Caroline estaba asustada de Londres pero aburrida en la atestada madriguera de la tienda de su tío. Se hacía cargo de las tareas de tía Alice de tanto en tanto, y eso estaba bien, pero también estaba Lily de la que ocuparse. Caroline no quería que jugara sola en la calle, donde el polvo era denso y el alcantarillado inexpresable, y dentro era un constante terror, persiguiendo al gato o jugando a tomar el té con las figurillas de porcelana de Alice. Así que cuando Alice se ofreció a cuidar de Lily mientras Caroline llevaba a Jered su almuerzo a los muelles, Caroline se sintió agradecida por el cambio. Se sintió bruscamente librada de sus cadenas y deliciosamente sola.

Se había prometido a sí misma que no pensaría en Guilford aquella tarde, e intentó enfocar su atención hacia otros lados. Un grupo de mugrientos niños ingleses —¡pensar que el más pequeño de ellos era probable que hubiera nacido en aquel lugar de pesadilla!— pasaron corriendo por su lado. Uno de ellos arrastraba tras él un saltamatas atado con una cuerda; las seis patas verde pálido del animal se agitaban frenéticamente y sus ojos oscuros giraban llenos de miedo. Quizá fuera bueno, aquel miedo. Bueno que en aquel mundo medio humano el terror funcionara en ambos sentidos. Esos eran pensamientos que nunca hubiera compartido con Guilford.

Pero Guilford se había ido. Bien, admítelo, pensó Caroline. Solo un desastre podía traerlo de vuelta antes del otoño, y probablemente ni siquiera eso. Suponía que ya debía de estar en las tierras del interior de Darwinia, un lugar más extraño todavía que esta hosca sombra de lo que había sido Londres.

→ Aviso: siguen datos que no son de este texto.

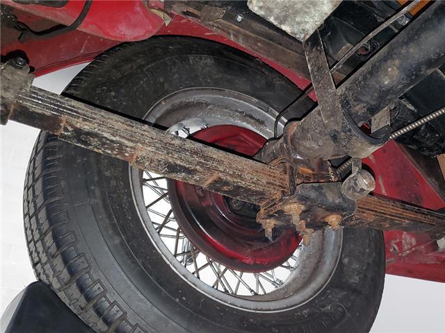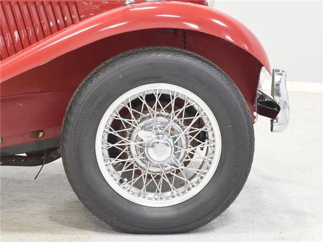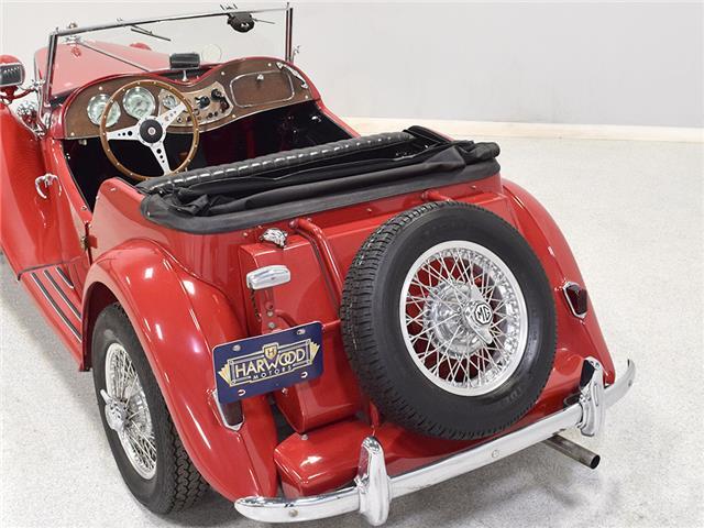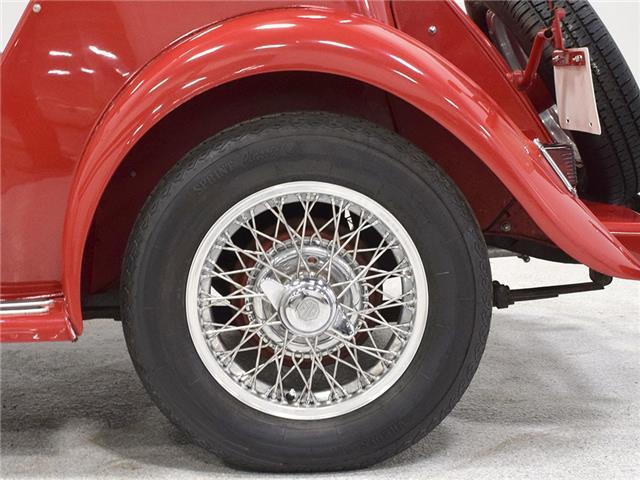 Mechanically, the TD wasn’t all that different from the TC, including the recently rebuilt 1250cc inline-four cylinder engine. It makes a rather sprightly 53 horsepower, but in such a lightweight package it’s plenty energetic and makes wonderful sports car sounds. Fed by a pair of side-draft carburetors breathing through cool competition-style air cleaners, it’s correctly finished and nicely detailed, from the MG Maroon paint on the block itself to the polished aluminum valve cover on top. A cowl-mounted SU fuel pump keeps the carbs fed and a few flashes of color like the yellow cooling fan and ignition wires look racy. During the restoration, it was fully rebuilt to factory specs and it runs superbly, starting easily and running down the road with a gutsy sound that is a big part of the MG experience. It shows a few minor signs of use but again, the quality of the restoration work is evident throughout. This one was built to drive, so it’s not perfect, but you’ll never hesitate to open the hood at shows and show it off a little bit. The updated 5-speed manual gearbox comes from a Ford and offers an overdrive gear that makes it much more useable in the modern world. With light throws, just the right gear ratios, and a wonderfully precise feel, you’ll find yourself shifting just for the sheer joy of it. The engine is torquey enough to pull 3rd gear from very low speeds, but the fun is in running it through the gears with enthusiasm, letting the engine sing its surprisingly deep baritone song through the single tailpipe out back. It’s not fast, not by today’s standards, but the fun is in driving it at 8/10ths and still running at a moderate pace without endangering everyone else on the road. You feel like you’re exercising the car and having a ball doing it. The suspension was upgraded on the TD and the rack-and-pinion steering is a wonderful addition, giving improved precision with less effort. There’s a recent exhaust system, the wood floors are obviously new, and the structural pieces are in excellent condition throughout. Upgraded shocks were included with the TD and the standard drum brakes are plenty powerful with the car’s modest curb weight. 165R15 blackwall radials on shiny wire wheels are grippy enough to be entertaining and look right in the fenders.

Se detuvo preguntándose por qué. Él se lo había explicado pacientemente una docena de veces, y sus respuestas tenían una especie de sentido superficial. Pero Caroline sabía que tenía otros motivos, no expresados, tan poderosos como la marea. Aquel territorio salvaje había llamado a Guilford y Guilford había acudido corriendo, y no habían importado ni los animales salvajes, ni los tumultuosos ríos, ni las fiebres y los bandidos. Como un niño pequeño infeliz, había huido de casa.

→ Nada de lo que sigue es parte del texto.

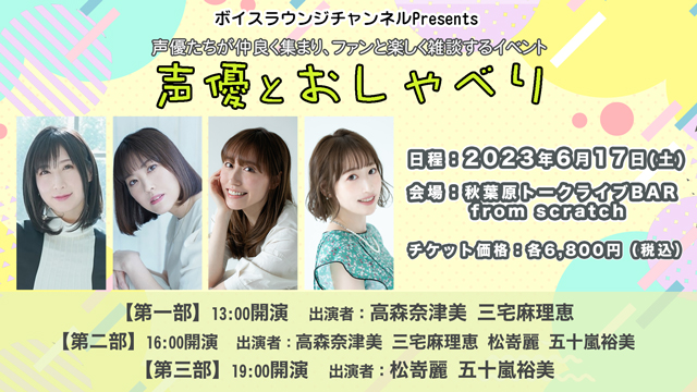 https://voicelounge.zaiko.io/item/357230※一般(非会員)の方は上記URLより配信チケットをご購入ください。※ニコニコボイスラウンジチャンネル会員の方は上記URLからではなく、必ずこのページ最下部の会員用のURLよりチケットをご購入ください。※会員用URLを経由しない場合、チケットが一般価格となってしまいます。配信チケット価格:<各部>一般 各4,500円(税込)/チャンネル会員 各3,900円(税込)※チケット代金のお支払いにはクレジットカード、コンビニ、Paypal、WeChat、Alipayがご利用いただけます。詳しくはこちらをご確認ください。※ライブ配信終了後、アーカイブ配信期間中は何度でも視聴可能です。※ご購入時の「+Archive」のご選択内容により、アーカイブ期間(配信当日から7日間、14日間、30日間)が異なります。+Archiveについてはこちら:https://zaiko.io/faq/customer/premium?cid=83#faq-485※チケットの購入・動画の視聴には電子チケット販売プラットフォームZAIKOへの登録が必要となります。※配信のURLは購入したZAIKOアカウントのみで閲覧可能です。※URLの共有、SNSへ投稿をしてもご本人のZAIKOアカウント以外では閲覧いただけません。※チケットの購入前に、記載の注意事項をよくお読みいただき、配信ライブ視聴に適したインターネット環境・推奨環境をお持ちかどうか必ずご確認ください。※チケット購入後の公演延期・中止以外の理由に伴うキャンセル・変更・払い戻しはできません。※途中から視聴した場合はその時点からのライブ配信となり、巻き戻しての再生はできません。オンデマンド配信、アーカイブ配信中は巻き戻し再生可能です。※インターネット回線やシステム上のトラブルにより、配信映像や音声の乱れ、公演の一時中断・途中終了の可能性がございます。※お客様のインターネット環境、視聴環境に伴う不具合に関しては、主催者は責任を負いかねます。※閲覧に関わるインターネット通信費用はお客様のご負担となります。※データ通信量が多くなることが想定されるため、Wi-Fiのご利用を推奨いたします。※本公演は有料での配信ライブです。一切の権利は主催者が有します。カメラ・スマートフォンなどによる画面録画・撮影・録音は全て禁止いたします。また、動画サイトなどへの無断転載・共有を行った場合、法的責任に問われる場合がございます。※ドメイン指定受信ご利用の方は、「zaiko.io」「zaikomail.com」のドメインを受信できるよう設定してください。※アーカイブ配信期間中は何度でも視聴可能です。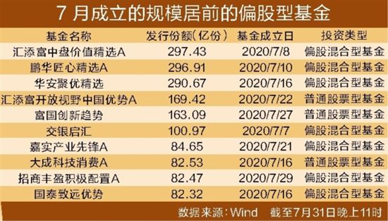 7月以来,由胡昕炜担纲基金经理的汇添富中盘价值精选混合首发全天获得近700亿元资金认购,由王宗合担纲的鹏华匠心精选混合基金首日更是吸金逾1300亿元。还有华安聚优精选、汇添富开放视野中国优势、富国创新趋势等多只爆款基金,6只科创板基金也一天吸金150亿元……
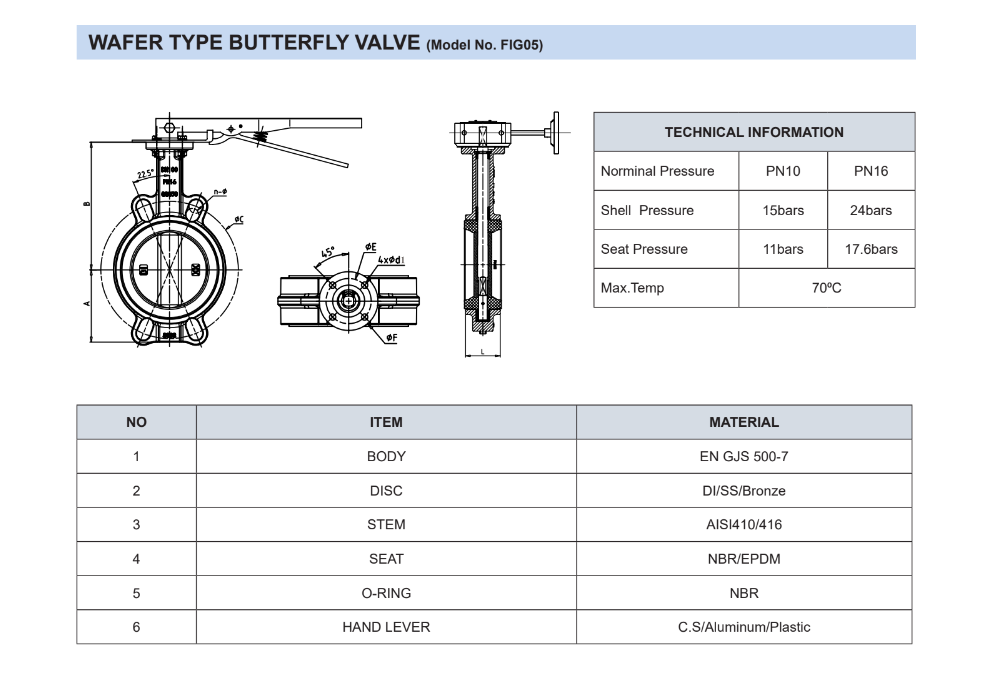 Van bướm tay gạt được cấu tạo gồm 05 bộ phận chính: thân van, vòng đệm, đĩa van, ty van và tay gạt.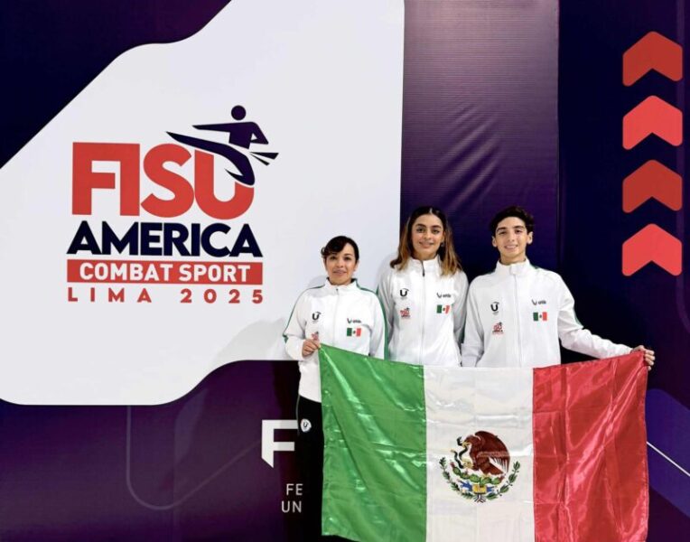 Joel y Sofía están acompañados de su coach Joely Ramírez quién además acude como entrenadora de la selección nacional Universitaria para esta justa de Combat Sport convocada por la Federación Internacional del Deporte Universitario FISU América.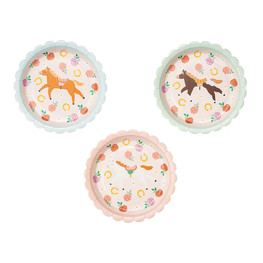 Χάρτινα πιάτα γλυκού με σχέδιο τα Αλογάκια, σε τρία χρώματα: ροζ, βεραμάν & σιέλ.

Y la había dejado a ella allí. Odiaba aquella Inglaterra, odiaba incluso llamarla así. Odiaba sus ruidos, tanto el resonar del comercio humano como los sonidos de la naturaleza (¡peores!) que se filtraban a través de la ventana por la noche, sonidos cuyos orígenes eran absolutamente misteriosos para ella: un charlotear como de insectos, un lamento como el de algún pequeño perro herido. Odiaba el hedor de todo, y odiaba sus bosques venenosos y sus obsesionantes ríos. Londres era una prisión guardada por monstruos.

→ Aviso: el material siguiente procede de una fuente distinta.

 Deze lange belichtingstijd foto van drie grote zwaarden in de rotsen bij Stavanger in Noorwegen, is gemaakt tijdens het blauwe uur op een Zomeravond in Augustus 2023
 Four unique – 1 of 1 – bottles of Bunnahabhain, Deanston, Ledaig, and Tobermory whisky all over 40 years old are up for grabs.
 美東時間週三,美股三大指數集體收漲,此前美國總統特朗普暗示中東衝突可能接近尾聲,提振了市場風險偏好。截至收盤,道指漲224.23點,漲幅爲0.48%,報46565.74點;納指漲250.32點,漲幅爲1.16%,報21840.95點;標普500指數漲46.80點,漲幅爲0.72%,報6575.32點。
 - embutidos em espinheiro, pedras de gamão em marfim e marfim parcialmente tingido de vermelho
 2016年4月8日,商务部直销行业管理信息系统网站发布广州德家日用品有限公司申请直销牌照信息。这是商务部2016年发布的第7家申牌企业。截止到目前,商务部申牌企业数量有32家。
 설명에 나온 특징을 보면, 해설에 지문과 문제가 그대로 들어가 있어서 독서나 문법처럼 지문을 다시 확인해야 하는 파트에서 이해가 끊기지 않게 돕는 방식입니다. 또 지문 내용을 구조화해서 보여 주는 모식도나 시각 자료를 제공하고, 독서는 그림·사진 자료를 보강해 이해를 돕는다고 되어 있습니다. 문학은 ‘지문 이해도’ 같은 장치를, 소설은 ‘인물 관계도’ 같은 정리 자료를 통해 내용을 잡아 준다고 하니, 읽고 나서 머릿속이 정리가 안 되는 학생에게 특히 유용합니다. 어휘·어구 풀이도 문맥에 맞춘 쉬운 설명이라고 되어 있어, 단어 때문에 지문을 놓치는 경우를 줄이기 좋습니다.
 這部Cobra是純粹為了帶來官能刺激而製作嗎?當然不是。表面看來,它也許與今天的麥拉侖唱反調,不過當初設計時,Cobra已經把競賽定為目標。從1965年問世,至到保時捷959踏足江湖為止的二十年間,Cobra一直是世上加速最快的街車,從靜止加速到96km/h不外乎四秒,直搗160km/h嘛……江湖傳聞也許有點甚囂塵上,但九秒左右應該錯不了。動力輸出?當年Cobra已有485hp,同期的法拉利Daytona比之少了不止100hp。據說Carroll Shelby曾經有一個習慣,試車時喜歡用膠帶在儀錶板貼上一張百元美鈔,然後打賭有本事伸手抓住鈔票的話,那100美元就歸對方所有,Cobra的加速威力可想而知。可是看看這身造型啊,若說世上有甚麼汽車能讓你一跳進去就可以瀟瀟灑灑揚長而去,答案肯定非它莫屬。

Se dirigió hacia el camino que corría paralelo al río. Zanjas y cloacas derramaban su carga de desechos en el Támesis; estridentes gaviotas trazaban círculos sobre el agua. Caroline contempló desde la distancia el tráfico fluvial. Muy lejos al otro lado de la amarronada agua una serpiente del limo alzó la cabeza, con su abollonado cuello curvado como un signo de interrogación. Observó las grúas del puerto descargar un barco de vela recién llegado…, el precio del carbón había revivido la Era de la Vela, aunque esas velas en particular estaban tendidas sobre un intrincado armazón de mástiles. Hombres sin gorro o con turbantes empujaban pesadas cajas y las cargaban sobre enormes carretones; las plataformas que las contenían brotaban de las penumbrosas bodegas de carga. Penetró en la sombra del edificio de la Autoridad Portuaria, donde el aire era denso pero algo más fresco.